• _Problem_: Using the data below, return word for word every line from the one holding "This men’s round" down to the one holding "Why you in a". Leave pictures out.

• _Provided information_:
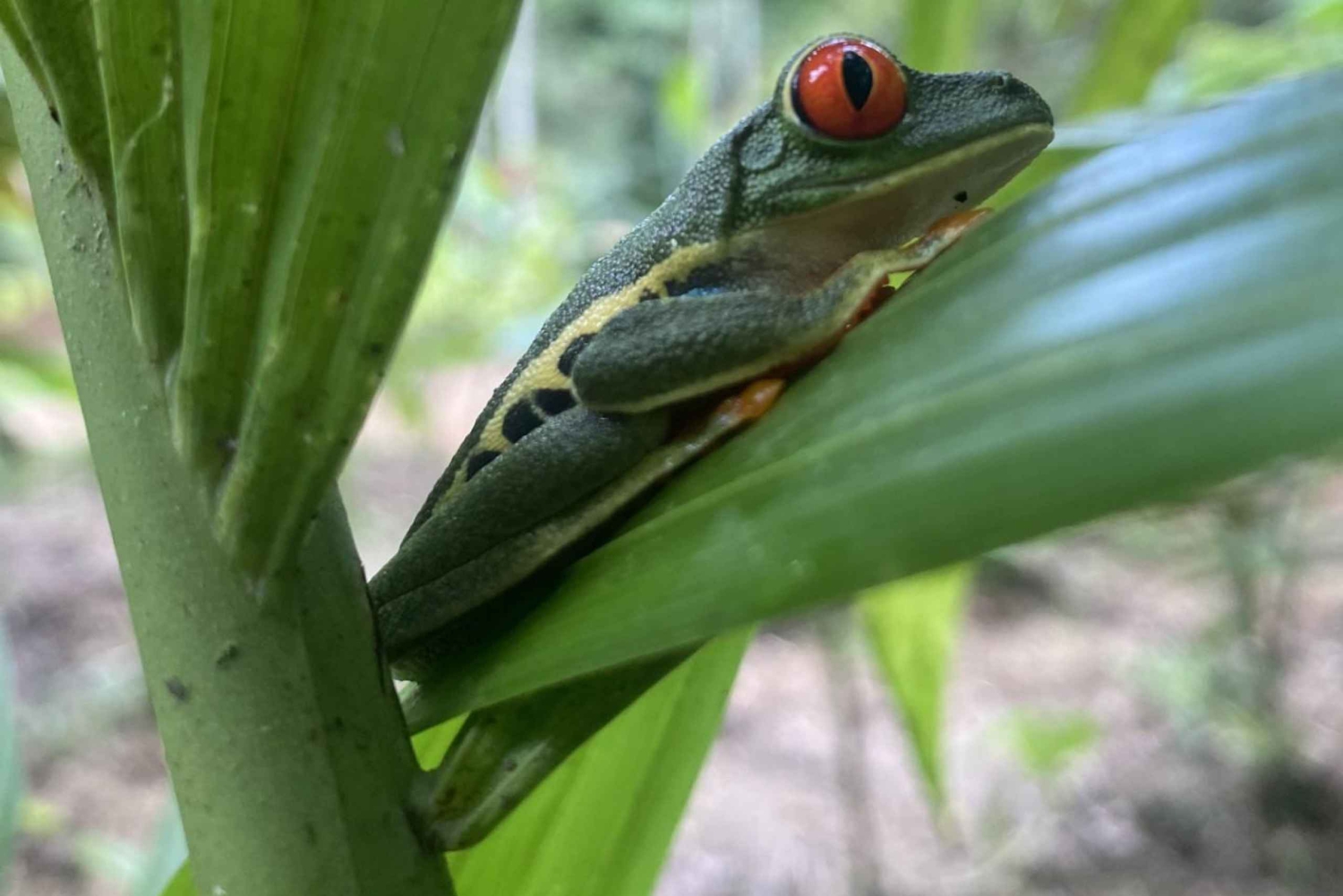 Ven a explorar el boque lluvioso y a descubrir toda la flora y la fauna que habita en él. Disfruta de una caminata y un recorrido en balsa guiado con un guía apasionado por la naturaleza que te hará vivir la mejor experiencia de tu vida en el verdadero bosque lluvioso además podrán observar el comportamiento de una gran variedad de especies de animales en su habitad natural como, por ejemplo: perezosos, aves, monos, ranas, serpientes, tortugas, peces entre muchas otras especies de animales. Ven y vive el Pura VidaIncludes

==

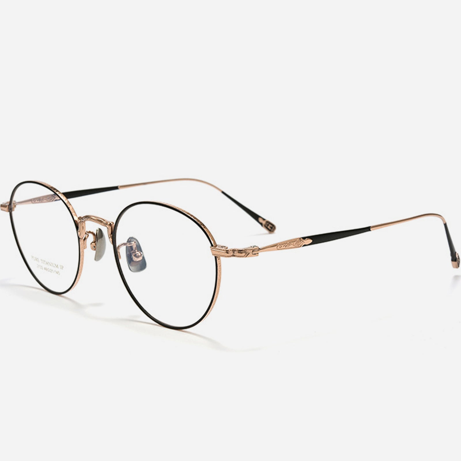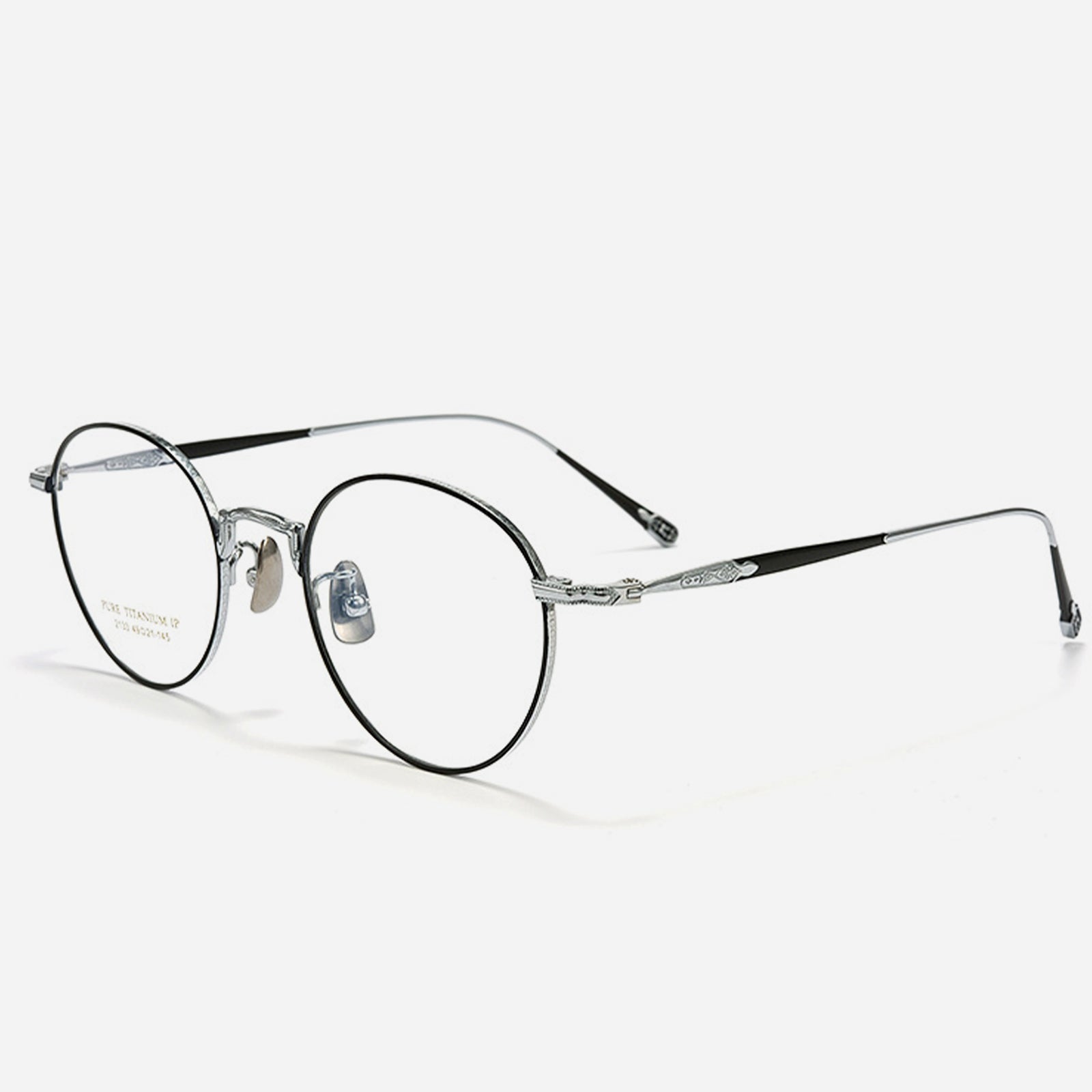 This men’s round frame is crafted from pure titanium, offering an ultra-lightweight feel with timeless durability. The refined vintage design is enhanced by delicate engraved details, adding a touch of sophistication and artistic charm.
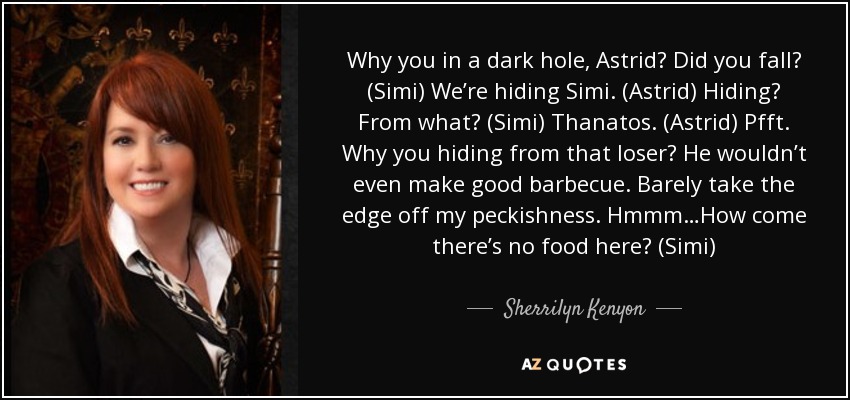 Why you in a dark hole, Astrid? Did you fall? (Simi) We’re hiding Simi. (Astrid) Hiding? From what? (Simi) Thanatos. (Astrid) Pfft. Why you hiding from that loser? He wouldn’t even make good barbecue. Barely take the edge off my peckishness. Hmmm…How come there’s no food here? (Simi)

• _Result for this exercise_:
 This men’s round frame is crafted from pure titanium, offering an ultra-lightweight feel with timeless durability. The refined vintage design is enhanced by delicate engraved details, adding a touch of sophistication and artistic charm.
 Why you in a dark hole, Astrid? Did you fall? (Simi) We’re hiding Simi. (Astrid) Hiding? From what? (Simi) Thanatos. (Astrid) Pfft. Why you hiding from that loser? He wouldn’t even make good barbecue. Barely take the edge off my peckishness. Hmmm…How come there’s no food here? (Simi)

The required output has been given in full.